_WORK TO COMPLETE_
Begin with the line below holding "This S60 Recharge" and go on through the line holding "государственное софинансирование: государство", duplicating each line exactly and leaving out pictures.

_SUPPLIED RECORDS_
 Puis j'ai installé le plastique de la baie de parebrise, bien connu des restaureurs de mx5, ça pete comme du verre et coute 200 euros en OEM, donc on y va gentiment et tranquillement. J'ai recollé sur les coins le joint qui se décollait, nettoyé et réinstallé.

==

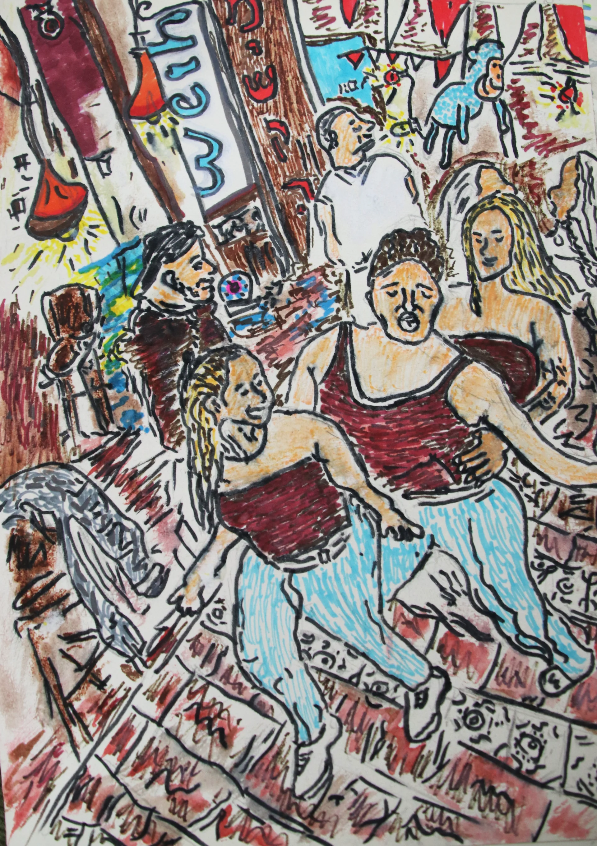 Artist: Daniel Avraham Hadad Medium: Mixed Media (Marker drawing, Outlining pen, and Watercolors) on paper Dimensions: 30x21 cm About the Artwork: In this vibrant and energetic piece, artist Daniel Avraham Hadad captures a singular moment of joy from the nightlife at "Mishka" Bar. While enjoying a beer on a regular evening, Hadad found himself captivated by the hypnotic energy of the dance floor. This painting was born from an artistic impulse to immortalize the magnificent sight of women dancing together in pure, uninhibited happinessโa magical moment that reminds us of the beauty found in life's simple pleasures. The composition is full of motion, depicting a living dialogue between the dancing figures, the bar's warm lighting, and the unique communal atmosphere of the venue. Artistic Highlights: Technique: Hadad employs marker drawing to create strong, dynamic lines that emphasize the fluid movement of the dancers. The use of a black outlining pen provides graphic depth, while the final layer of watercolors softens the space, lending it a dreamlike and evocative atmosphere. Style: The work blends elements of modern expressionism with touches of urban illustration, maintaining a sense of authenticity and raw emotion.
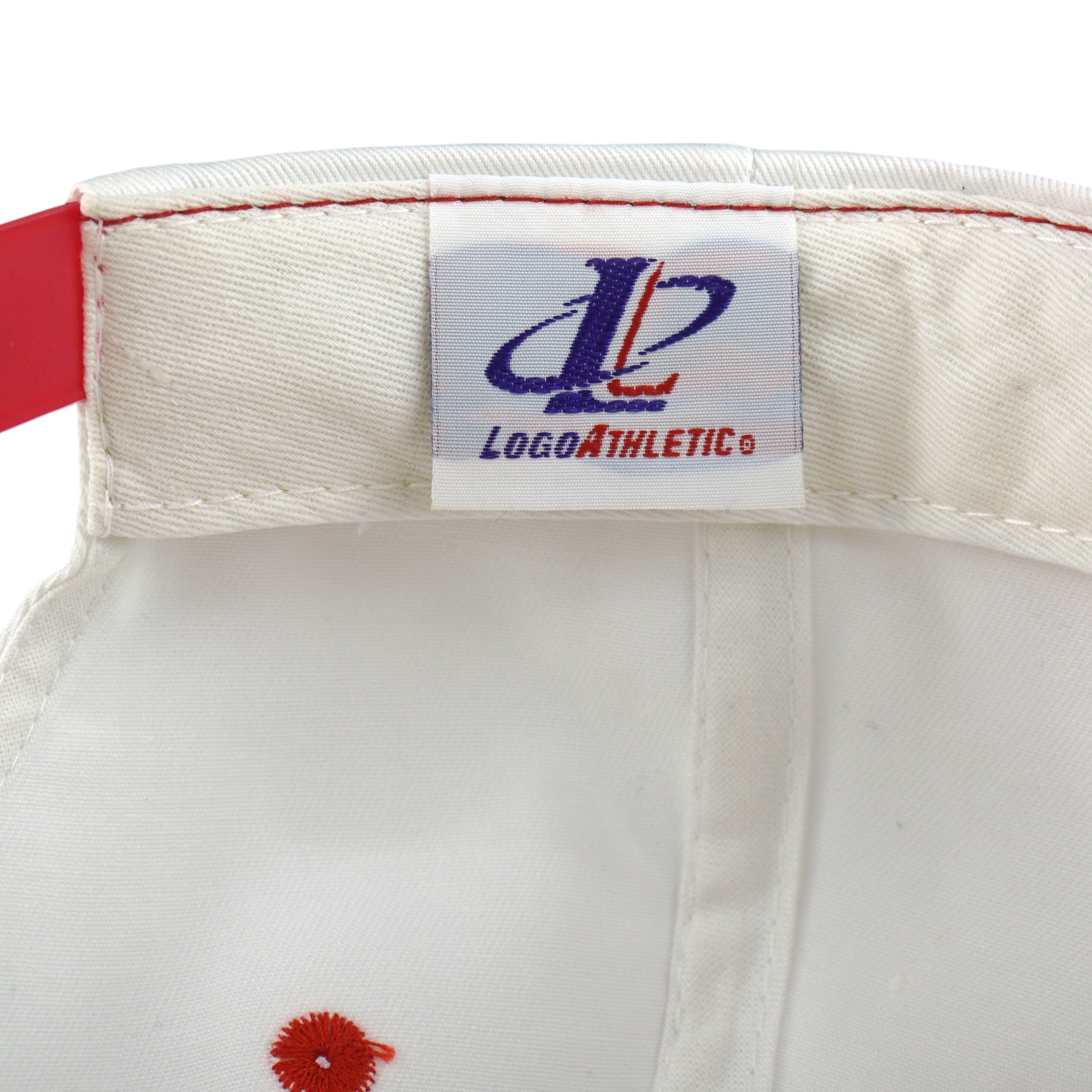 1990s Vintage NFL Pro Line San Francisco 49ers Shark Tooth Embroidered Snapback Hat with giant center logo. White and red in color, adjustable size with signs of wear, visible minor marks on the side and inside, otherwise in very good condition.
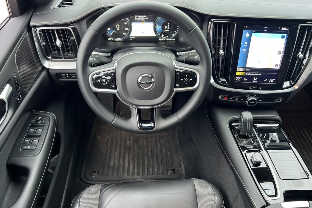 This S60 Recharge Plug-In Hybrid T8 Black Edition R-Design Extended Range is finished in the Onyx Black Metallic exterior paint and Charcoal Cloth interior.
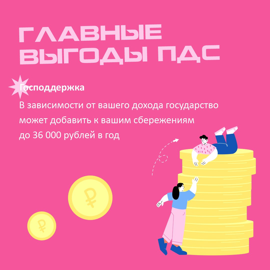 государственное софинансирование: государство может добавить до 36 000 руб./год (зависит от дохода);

_SOLUTION TO THE EXERCISE_
 This S60 Recharge Plug-In Hybrid T8 Black Edition R-Design Extended Range is finished in the Onyx Black Metallic exterior paint and Charcoal Cloth interior.
 государственное софинансирование: государство может добавить до 36 000 руб./год (зависит от дохода);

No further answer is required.